— YOUR OBJECTIVE —
Give back every line of the data exactly. Pictures are not part of the copy.

### MATERIAL FOR THE TASK ###

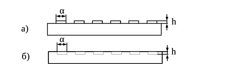 Рефлекторы реализуются с помощью системы металлизированных полосок на пьезоэлектрической подложке (рисунок 10а) или системы канавок (рисунок 10б), которые формируют путем травления.
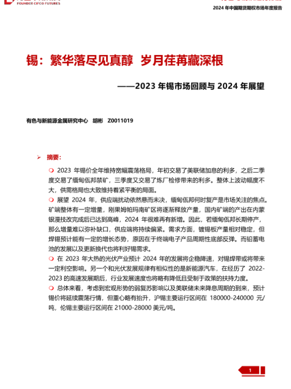 【方正中期期货】【20240109】2023年锡市场回顾与2024年展望:锡:繁华落尽见真醇 岁月荏苒藏深根-27页
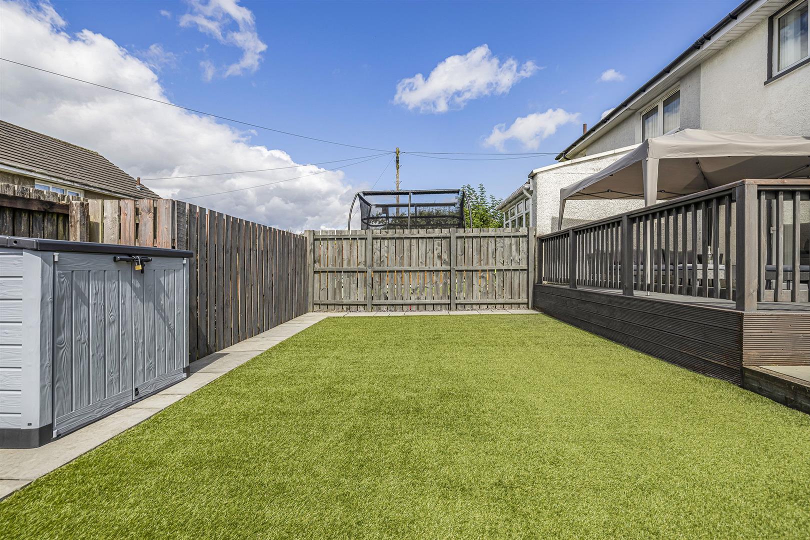 The rear garden is fully enclosed and benefits from areas of patio, decking and artificial lawn, creating a safe and easily maintained environment for children and pets alike. With the added advantage of being South West facing, this is the perfect spot to relax and enjoy some nice weather.
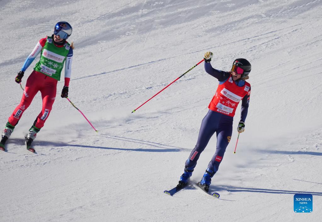 Sweden's Sandra Naeslund (R) celebrates after winning the women's ski cross final at the FIS Ski World Cup in Chongli, north China's Hebei Province, Nov. 27, 2021. (Xinhua/Yang Shiyao)
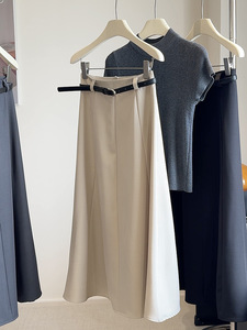垂感A字大摆西装半身裙女2025秋季新款优雅通勤显瘦中长款伞裙子
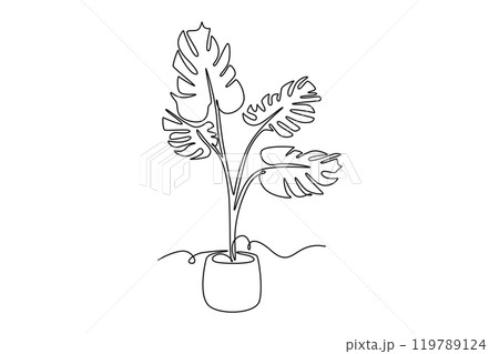 Continuous one line drawing beauty potted tropical leaf monstera plant. Printable decorative houseplant concept for home wall decoration ornament. Single line draw design vector graphic illustration

###

— WRITTEN REPLY —
 Рефлекторы реализуются с помощью системы металлизированных полосок на пьезоэлектрической подложке (рисунок 10а) или системы канавок (рисунок 10б), которые формируют путем травления.
 【方正中期期货】【20240109】2023年锡市场回顾与2024年展望:锡:繁华落尽见真醇 岁月荏苒藏深根-27页
 The rear garden is fully enclosed and benefits from areas of patio, decking and artificial lawn, creating a safe and easily maintained environment for children and pets alike. With the added advantage of being South West facing, this is the perfect spot to relax and enjoy some nice weather.
 Sweden's Sandra Naeslund (R) celebrates after winning the women's ski cross final at the FIS Ski World Cup in Chongli, north China's Hebei Province, Nov. 27, 2021. (Xinhua/Yang Shiyao)
垂感A字大摆西装半身裙女2025秋季新款优雅通勤显瘦中长款伞裙子
 Continuous one line drawing beauty potted tropical leaf monstera plant. Printable decorative houseplant concept for home wall decoration ornament. Single line draw design vector graphic illustration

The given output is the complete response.